Clustering nodes in the human PPI network
# Significant Clusters
# Significant Terms
# Best Clusters
For k = 100, there are 44 clusters statistically significantly enriched with GO terms. For example, there is cluster of 46 proteins that contains 5 proteins responsible for blood coagulation (GO:0030193) and wound healing, with the p-value of 8.5 × 10-4. Another cluster of 34 proteins contains 5 (out of 11 in the network) proteins responsible for drug metabolic process (GO:0017144), with the p-value of 7.9 × 10-8; 3 of these 5 proteins (out of 5 in the network) are also responsible for exogenous drug catabolic process (GO:0042738), with the p-value of 1.2 × 10-4. In another cluster of 35 proteins there are 6 proteins (out of 33 in the network) that are responsible for tRNA processing (GO:0008033), with the p-value of 8.4 × 10-7. There is a cluster in which 8 out of 32 proteins are responsible for negative (GO:0051436) and positive (GO:0051437) regulation of ubiquitin-protein ligase activity during mitotic cell cycle with p-values lower than 2.1 × 10-8. In general, there are 867 GO terms which are shared by a statistically significant fraction of proteins in at least one of these clusters.
To further explore the biological significance of our clusters, for each k, we examine each cluster in the human network with respect to the enrichment with proteins corresponding to: aging genes http://genomics.senescence.info/, HIV-1 interacting genes http://www.ncbi.nlm.nih.gov/RefSeq/HIVInteractions/, pathogen-interacting genes http://staff.vbi.vt.edu/dyermd/publications/dyer2008a.html, and cancer-related genes . To determine the significance of enrichments, we compute p-values using the hyper-geometric distribution and use the p-value cutoff of 0.01. For k = 100, there are 4 clusters statistically significantly enriched with aging genes, 13 clusters statistically significantly enriched with HIV-1 interacting genes, 10 clusters statistically significantly enriched with pathogen-interacting genes, and 8 clusters statistically significantly enriched with cancer-related genes. Interestingly, there is one particular cluster of 183 proteins that is statistically significantly enriched with genes from all 4 categories. In particular, 39.34% of the proteins in that cluster correspond to aging genes, 63.93% of the proteins correspond to HIV-1 interacting genes, 33.88% of the proteins correspond to pathogen interacting genes, and 36.06% of the proteins correspond to cancer related genes (the maximum p-value is 1.34 × 10-11). According to GO Terms Finder, this particular cluster is statistically significantly enriched with 366 different GO terms (some of them are parents of others), among which are: interspecies interaction between organisms (GO:0044419, p-value 2.43 × 10-18), regulation of signaling pathway (GO:0035466, p-value 2.14 10-18), regulation of cell death (GO:GO:0010941, p-value 1.42 × 10-22) and 9 other death-related terms (GO:0043067, GO:0060548, GO:0043069, GO:0043068, GO:0010942, GO:0012502, GO:0012501, GO:0008219, GO:0016265).
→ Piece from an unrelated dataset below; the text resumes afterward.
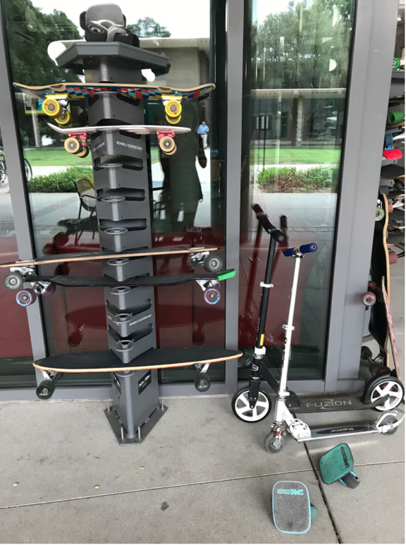 Mudders的创意不止于此,不满足于传统交通的他们不光是自行车、滑板和滑板车的忠实爱好者,还特别喜欢研究新奇的交通方式,在校园里常常不乏骑着独轮车、踏着“风火轮”(freelines)的学生,偶尔还能看到踩着轮滑和高跷来上课的学生,而Mudder早已对他们见怪不怪。
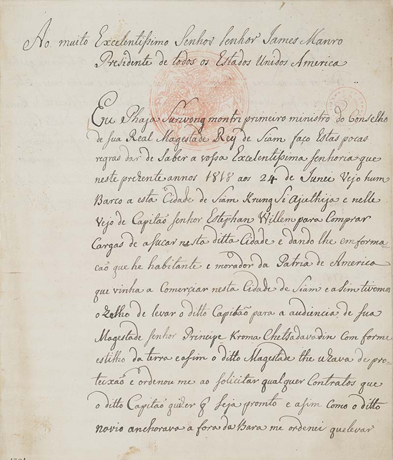 จดหมายจากพระยาสุริยวงศ์มนตรี (ดิศ บุนนาค) ถึง ประธานาธิบดี เจมส์ มอนโร

To confirm that our clustering does in fact capture a meaningful biological signal, we perform random clustering of the same human PPI networks into the same numbers of clusters as described above. Then, we analyzed these random clusters with Go Term Finder software . Not surprisingly, there is no biological signal in these random clusters. For k = 50, 60, 70, and 90 GO Term Finder reported statistically significant enrichment with GO terms for 2, 1, 3, and 1 clusters, respectively, with the maximum enrichment with 4 GO terms (compared to the minimum enrichment with 693 terms, when we used GraphCrunch 2). Given the amount of generated clusters (550) and the amount of GO terms in the database, this can be expected at random. Therefore, the amount of "false" biological signal in our clusters is minimal.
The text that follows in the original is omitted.